The genus Yucca comprises sixteen or eighteen species, and reaches its greatest development in Northern Mexico. Three species are to be found within our borders, two of which are arborescent, Y. arborescens, and Y. Mohavensis. Considerable confusion has hitherto reigned among the species, but they are now better understood.

They are all valuable to our Indians as basket and textile plants, and are useful to them in many other ways.

Owing to the structure of the flowers, self-fertilization seems impossible, and scientists who have made a study of the subject say that these plants are dependent upon a little white, night-flying moth to perform this office for them. This little creature goes from plant to plant, gathering the pollen, which she rolls up into a ball with her feet. When sufficient has been gathered, she goes to another plant, lays her egg in its ovary, and before leaving ascends to the stigma and actually pushes the pollen into it, seeming to realize that unless she performs this last act, there will be nothing for her progeny to eat. This seems an almost incredible instance of insect intelligence; but it is a well-authenticated fact.

Yucca Mohavensis, commonly called "wild date," or "Spanish bayonet," is more widely distributed within our borders than either of our other species. Its large panicle of overpoweringly fragrant white waxen bells is a striking object wherever seen. On the coast this yucca is often stemless, but in the interior, where it is more abundant, it rises to a considerable height, and culminates upon the Mojave Desert, where the finest specimens are found.

The fruit, which ripens in August and September, turns from green to a tawny yellow, afterward becoming brownish purple, and eventually almost black. This has a sweet, succulent flesh, and, either fresh or dried, is a favorite fruit among the Indians. Dr. Palmer writes that this is one of the most useful plants to the Indians of New Mexico, Arizona, and Southern California. They cut the stems into slices, beat them into a pulp, and mix them with the water in washing, as a substitute for soap.
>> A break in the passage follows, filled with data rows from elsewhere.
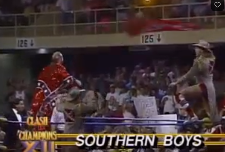 BADSTREET, ATLANTA, GA! The Freebirds have Buddy Roberts in their corner. I legitimately didn’t know he came back. Apparently, it was one night only. BOTH teams have gear with the rebel flag on it. It’s amazing how attached some people are to a flag that existed for two years during a conflict that took place over a hundred years ago. I will never understand it.
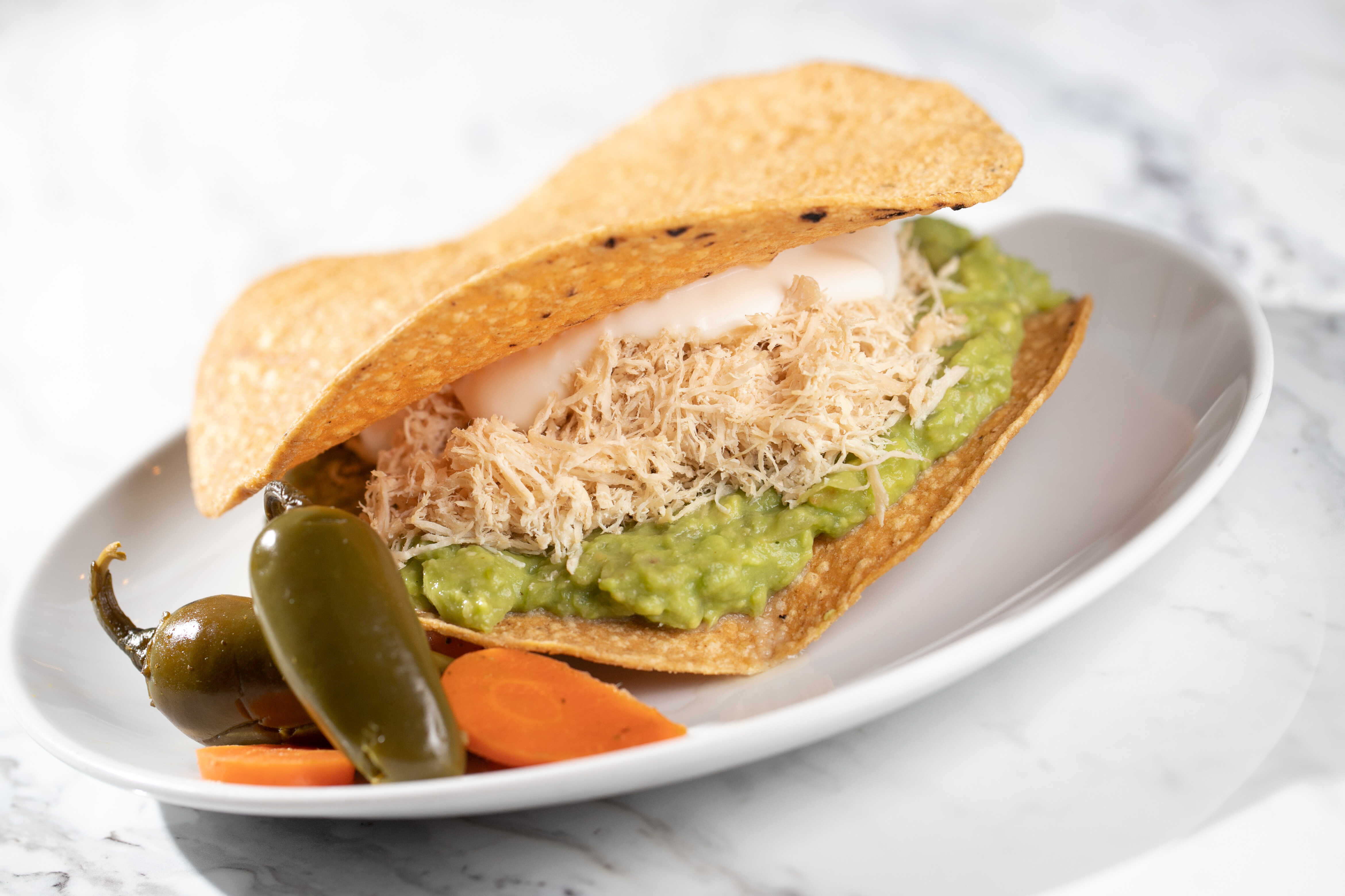 2 tostadas especiales con guacamole, pechuga de pollo desmenuzada y crema.
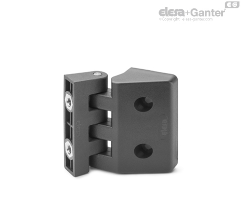 La bisagra está compuesta por dos cuerpos de diferentes dimensiones (uno estrecho y uno de mayor tamaño) y pueden montarse por ejemplo en estructuras con montantes y puertas de espesor delgado.
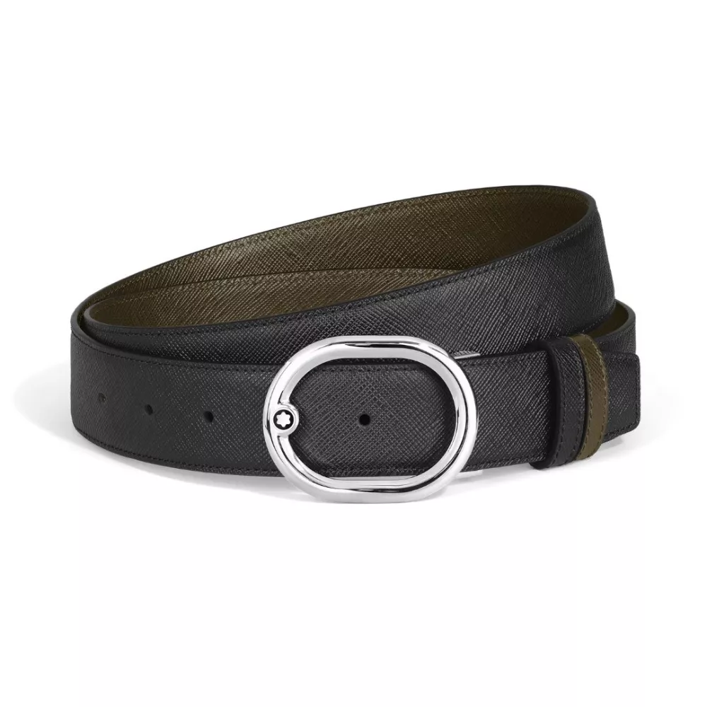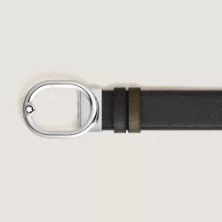 This Montblanc reversible belt in Sartorial leather conveys modern sophistication through a refined and contemporary design. The oval buckle with polished palladium finish reimagines the classic belt with a dynamic and distinctive silhouette. The embossed Sartorial leather offers a choice between a timeless black side and a versatile khaki side, balancing formal elegance with a modern aesthetic. The 35 mm width provides a confident presence, making this accessory ideal for polished and personal looks, also conceived as the perfect gift.
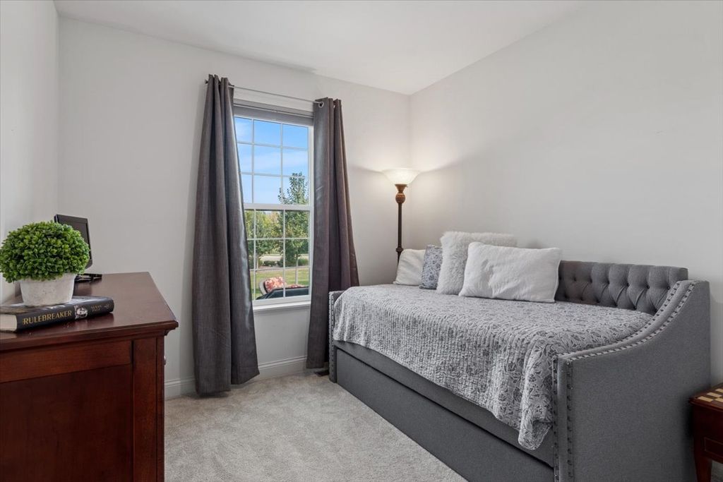 Gorgeous ranch home in the highly desirable Talamore Adare in Huntley with a rare full unfinished basement! Nestled on a cul-de-sac, this fantastic Napa model home is ready for immediate delivery and offers privacy galore with views of the stocked fishing pond and open space. Open floor plan, 9' ceilings, engineered hardwood throughout main living spaces and neutral decor. Stunning finishes include sleek custom window treatments of plantation shutters and Silhouettes, custom closet organizers in both bedrooms and new front storm door. Highlighting $61K in builder upgrades and smart home features; WI-FI certified Home Design - Ring Video doorbell and alarm system, Smartlock, Smart thermostat and air exchanger that circulates new air throughout the home every 17 mins. Sparkling white kitchen with Subway tile backsplash, Quartz countertops, soft-close drawers, GE Profile appliance package, upgraded Refrigerator with a Keurig, vented microwave with convection option and custom spice rack. Napa model offers flexibility with living room/den/study, spacious foyer, upgraded stair railing leading to the basement and generously sized laundry room with utility sink. Primary bedroom upgrades boasts tray ceiling, ceiling fan and upgraded full bath with 1/2" surround glass shower, oversized tile, dual vanity with comfort height and custom light fixtures. Second bedroom is perfect for guests or a wonderful office/den. Full bath with tub/shower and custom height vanity. Sliding door leads to brick paver patio and serene views from every angle. Professional landscaping and brick paver walkway in front complete this custom look! Doubling the size of your home, this 1428 sq. Ft. of space is ready to go. With large window wells, custom window well covers and each fitted with an egress ladder; this allows for endless options. Andare Talamore offers Resort-Style living with it's Active adult 55+ community! Association dues include: lawn care, snow removal, 8,000 SF clubhouse, Fitness center, 2 swimming pools with water slide and splash pad area, picnic pavilion with outdoor fireplace, tennis court, pickle ball court, party room with kitchen, game room, meeting room, and playground. Crushed limestone walking paths and catch-and-release fishing pond just complete the package! This is a lifestyle!
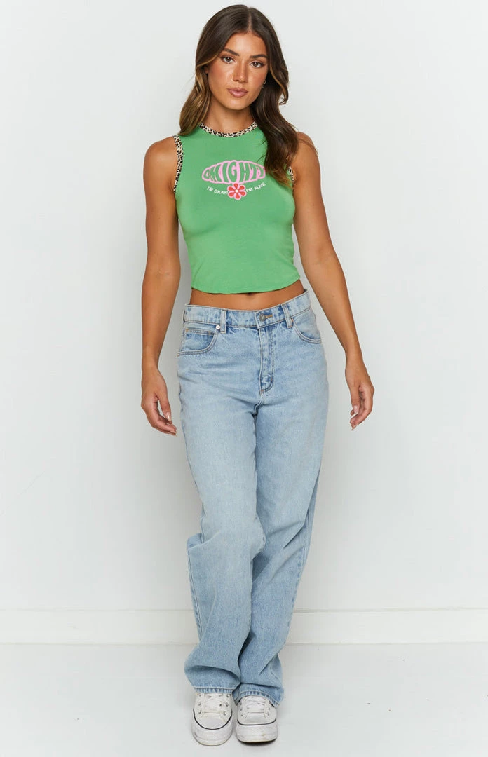 - We are obsessed with this green tank! Pair with shorts and a tote for a chill day out or mix it up with a mini skirt and heels!

The leaves are parched in ashes, to make them pliable, and are afterward soaked in water and pounded with a wooden mallet. The fibers thus liberated are long, strong, and durable, and lend themselves admirably to the weaving of the gayly decorated horse-blankets made by the tribes of Southern California. They also make from it ropes, twine, nets, hats, hair-brushes, shoes, mattresses, baskets, etc.